Study material »

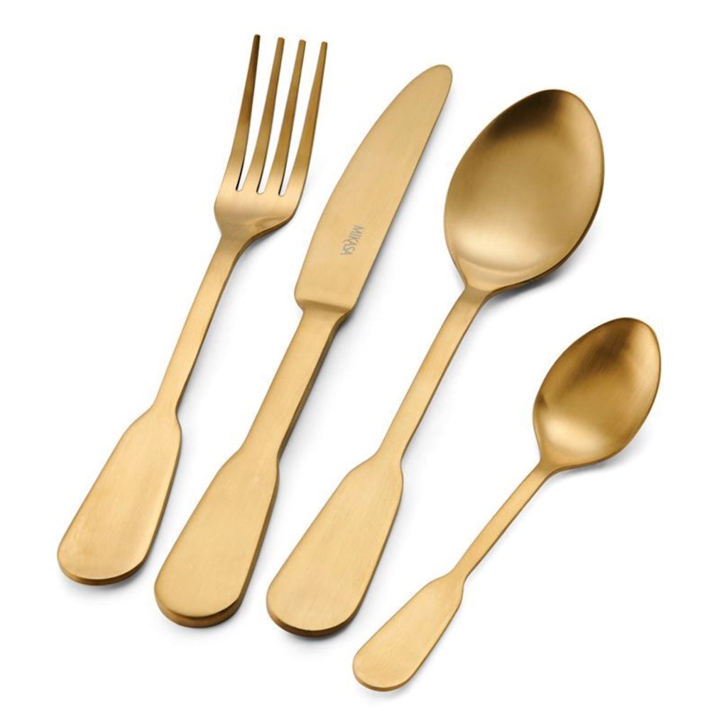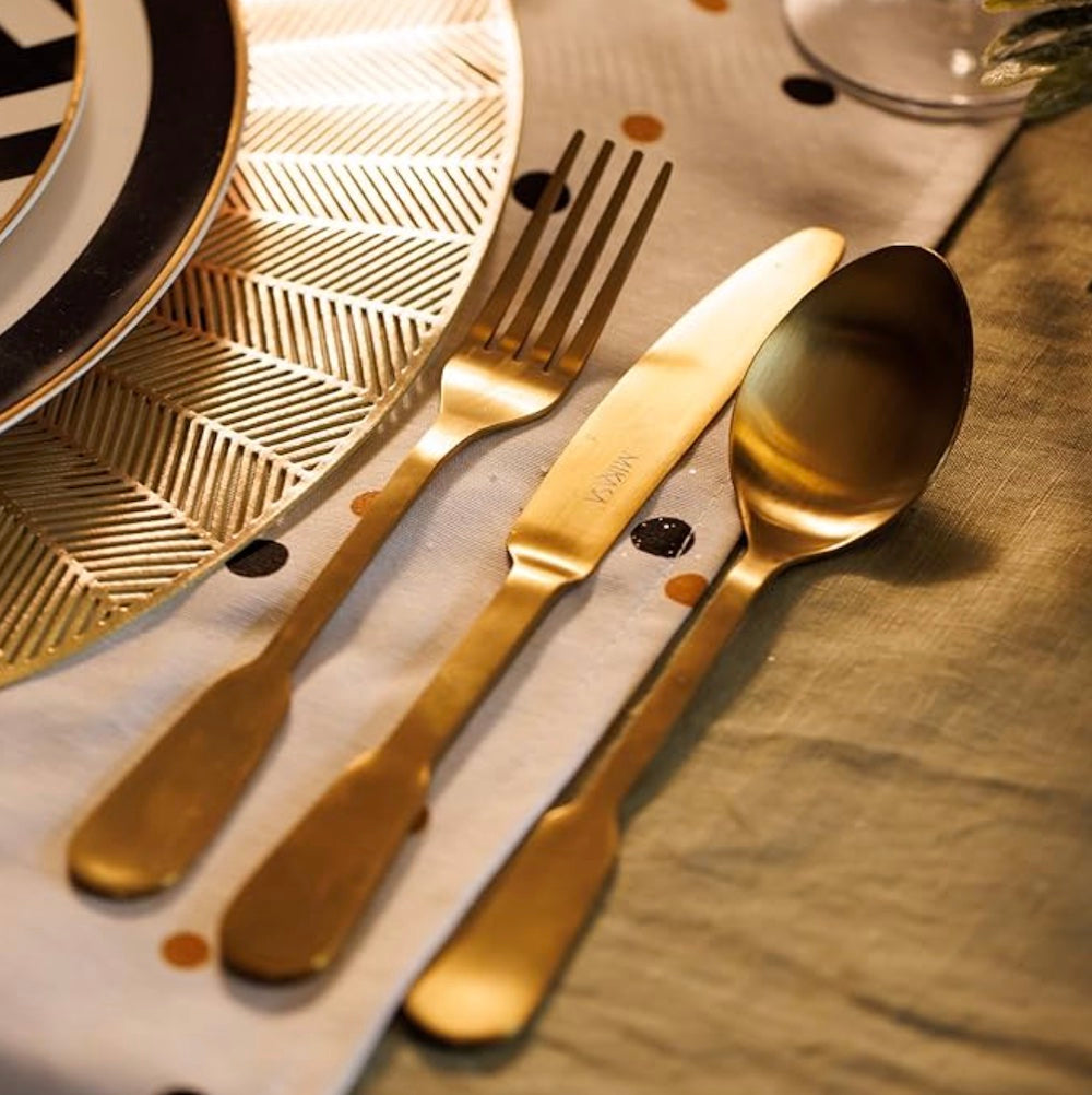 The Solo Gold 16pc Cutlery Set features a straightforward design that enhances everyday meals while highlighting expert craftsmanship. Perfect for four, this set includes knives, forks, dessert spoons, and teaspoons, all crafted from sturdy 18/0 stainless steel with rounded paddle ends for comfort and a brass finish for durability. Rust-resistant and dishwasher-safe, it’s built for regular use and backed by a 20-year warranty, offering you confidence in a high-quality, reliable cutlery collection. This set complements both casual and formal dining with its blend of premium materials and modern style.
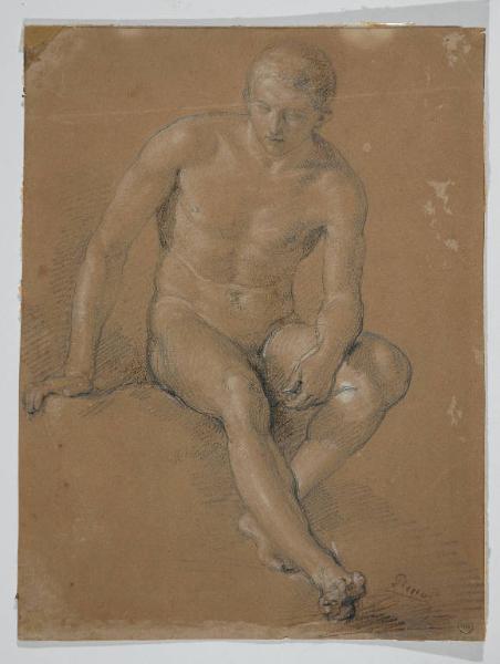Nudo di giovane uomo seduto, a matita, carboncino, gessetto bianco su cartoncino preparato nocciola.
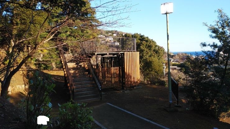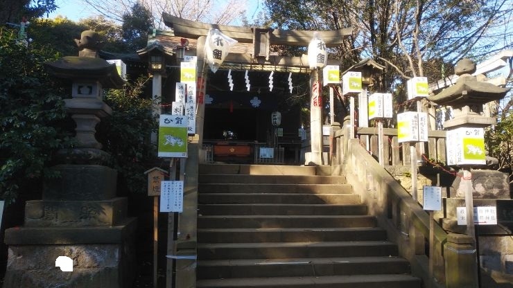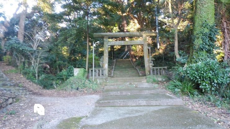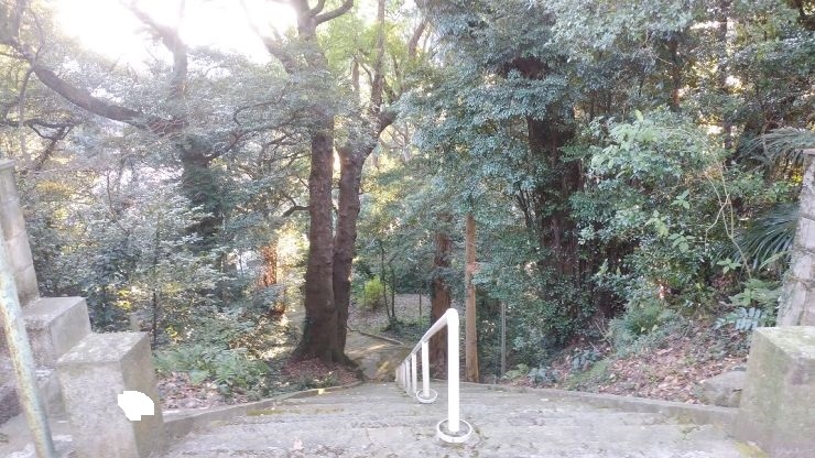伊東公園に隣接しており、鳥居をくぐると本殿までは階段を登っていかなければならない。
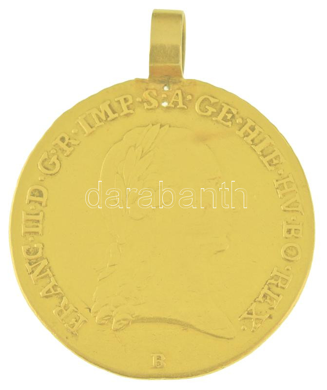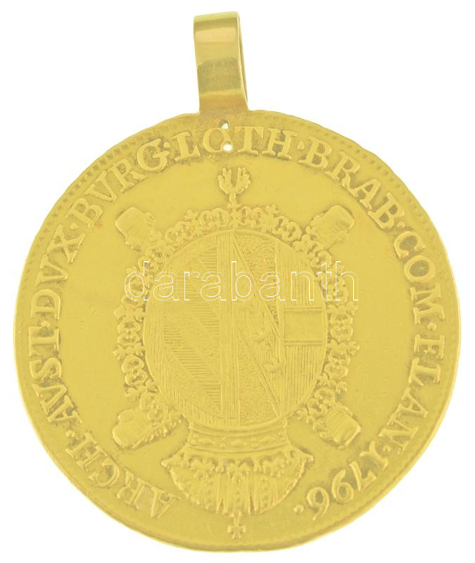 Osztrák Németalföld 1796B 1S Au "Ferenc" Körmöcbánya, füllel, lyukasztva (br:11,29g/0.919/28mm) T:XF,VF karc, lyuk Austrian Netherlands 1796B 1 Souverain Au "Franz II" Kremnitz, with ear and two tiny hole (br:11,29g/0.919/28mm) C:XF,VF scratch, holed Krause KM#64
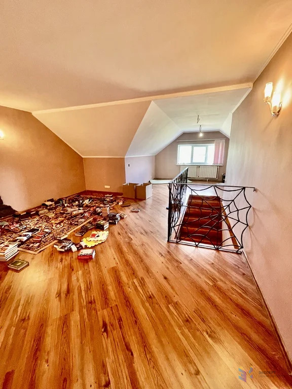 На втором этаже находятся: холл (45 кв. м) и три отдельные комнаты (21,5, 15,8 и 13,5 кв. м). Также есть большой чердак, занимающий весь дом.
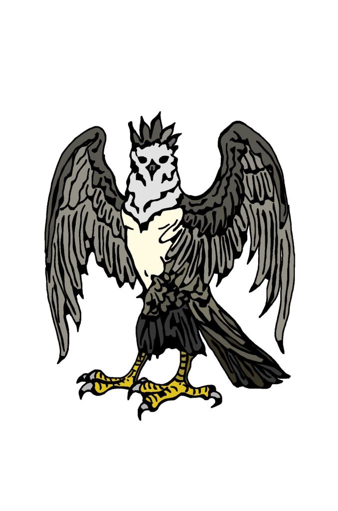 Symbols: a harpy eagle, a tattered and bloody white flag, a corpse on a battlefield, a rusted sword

What is needed »
Leave the pictures out and output exactly the lines above, from the start of the listing through the line with "На втором этаже".

Answer to this problem »
 The Solo Gold 16pc Cutlery Set features a straightforward design that enhances everyday meals while highlighting expert craftsmanship. Perfect for four, this set includes knives, forks, dessert spoons, and teaspoons, all crafted from sturdy 18/0 stainless steel with rounded paddle ends for comfort and a brass finish for durability. Rust-resistant and dishwasher-safe, it’s built for regular use and backed by a 20-year warranty, offering you confidence in a high-quality, reliable cutlery collection. This set complements both casual and formal dining with its blend of premium materials and modern style.
Nudo di giovane uomo seduto, a matita, carboncino, gessetto bianco su cartoncino preparato nocciola.
伊東公園に隣接しており、鳥居をくぐると本殿までは階段を登っていかなければならない。
 Osztrák Németalföld 1796B 1S Au "Ferenc" Körmöcbánya, füllel, lyukasztva (br:11,29g/0.919/28mm) T:XF,VF karc, lyuk Austrian Netherlands 1796B 1 Souverain Au "Franz II" Kremnitz, with ear and two tiny hole (br:11,29g/0.919/28mm) C:XF,VF scratch, holed Krause KM#64
 На втором этаже находятся: холл (45 кв. м) и три отдельные комнаты (21,5, 15,8 и 13,5 кв. м). Также есть большой чердак, занимающий весь дом.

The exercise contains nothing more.